Мусорщик сунул несколько бумажек под тарелку, и они вышли из ресторана. На улице девушка не утерпела и сказала:
– Ты слишком много денег оставил.
– Слава богу, заметила, – мусорщик облегченно прижал руку к груди. – Я боялся, что расход без эффекта.
Они, осторожно семеня, спускались по крутой обледеневшей улочке к реке.
– Ах, засранец! – сказал мусорщик.
– Кто?
– Коллега. Поленился лед рубить – хоть бы песком посы…
Договорить он не успел, потому что изобразил немыслимый балетный пируэт, упал и подсек девушку под ноги. Кувыркаясь друг через друга и хохоча, они съехали к самой реке, причем в конце этого скоростного спуска мусорщик оказался сверху на спутнице, лицом к лицу.
– Ну наконец-то, – насмешливо сказала девушка. – Свершилось!
– Что?
– Впервые за четыре дня ты ко мне прикоснулся. Ничего? Током не бьет?
Мусорщик встал и подал ей руку.
– Подожди здесь, – кивнул он на вмерзший в лед причал. – Полюбуйся на речную волну, а я схожу за катером, – он быстро направился к соседнему дому с единственным на всей улице светящимся окном.
Девушка прошла по дощатому причалу и встала на краю. Река была покрыта толстым льдом и засыпана снегом, изжеванным во все стороны автомобильными шинами. Темная стена леса обозначала второй берег. Вдали река изгибалась под прямым углом, и оттуда доносились с ветром обрывки музыки, а на льду лежали отблески ярких огней.
– Чик-чирик, – послышалось у нее за спиной.

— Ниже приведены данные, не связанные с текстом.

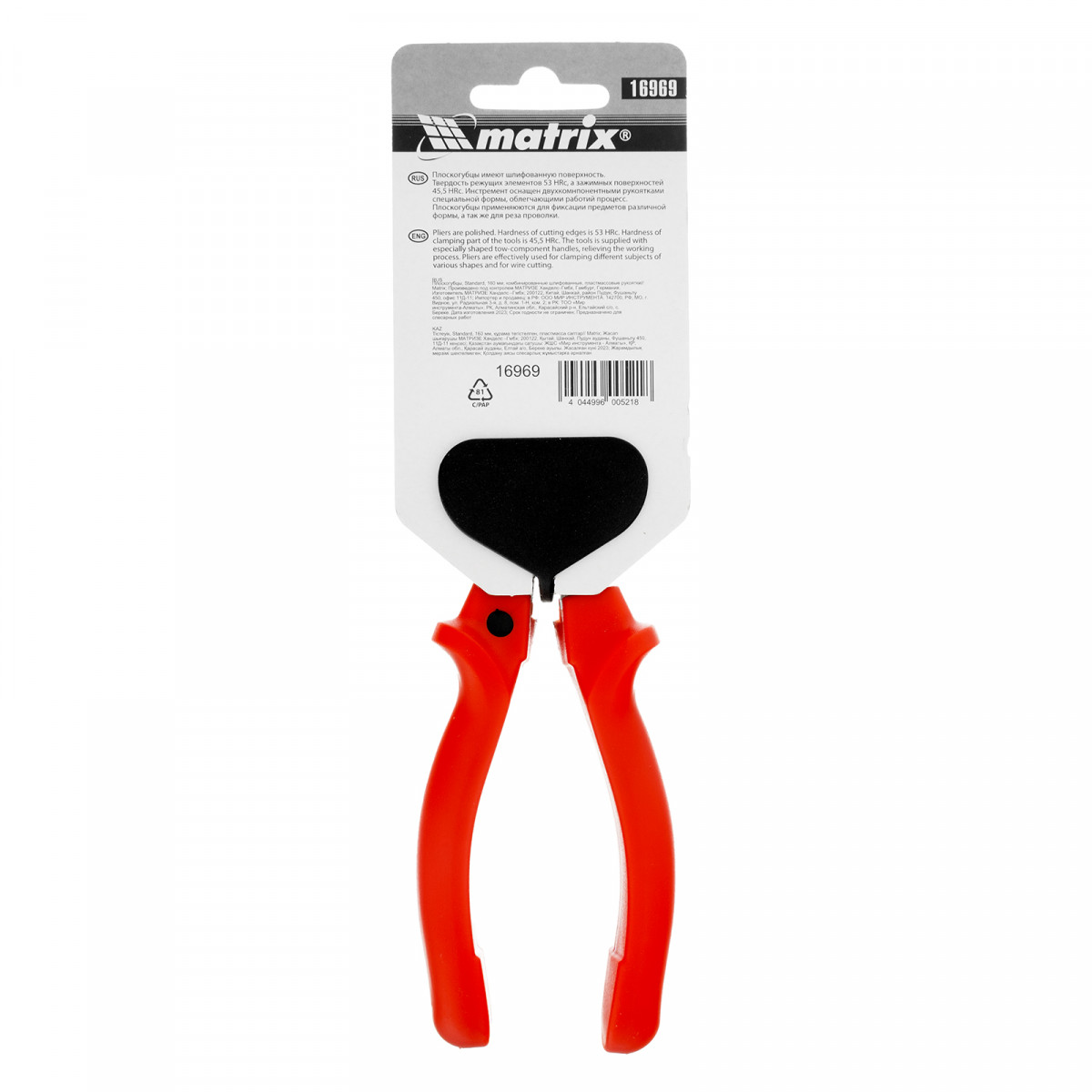 Плоскогубцы комбинированные Standard, 160 мм, шлифованные, пластмассовые рукоятки Matrix

Девушка обернулась и обнаружила долговязого нетрезвого подростка. Тот бесцеремонно разглядывал ее, сладострастно причмокивая и отрезая ей путь обратно на берег.
Девушка не испугалась, она быстро опустила руку в висящую у бедра сумочку.
– Чик-чирик, – повторил он, сладко улыбнулся и рухнул навзничь.
Сзади стоял мусорщик и тер кулак. Подросток поднялся на четвереньки и, не рискуя быть снова опрокинутым, по-крабьи отполз в сторону.
– Шпана, – сокрушенно констатировал мусорщик. – Катер к вашим услугам, мадемуазель!
У причала стоял старый уазик, в просторечии называемый «козлом».
– Убью, сука! Встречу – зарежу, так и знай! – орал с безопасного расстояния подросток.
– Самое печальное, что он совершенно искренен, – сказал мусорщик, помогая девушке спуститься с причала по обледеневшему трапу.
– Ужасный век, жестокие сердца! – подтвердила девушка.
Она, подобрав длинную шубу, уже собиралась сесть в машину, когда рядом шлепнулся кусок льда, брызнув ей в лицо острыми осколками. Она не вытерпела и, забыв светские манеры, заорала:
– Ты, говнюк, онанист золотушный, сейчас догоню – ноздри вырву!
– Эх, крепка еще революционная косточка! – удовлетворенно крякнул мусорщик, заводя мотор и с интересом наблюдая за девушкой.
– Молчи, лярва болотная! – орал подросток.
– Заткни скважину, жгут прыщавый! – отвечала девушка.
– Соотечественники! – воззвал мусорщик. – Обратите внимание, какой вечер! Звезды и поэзия!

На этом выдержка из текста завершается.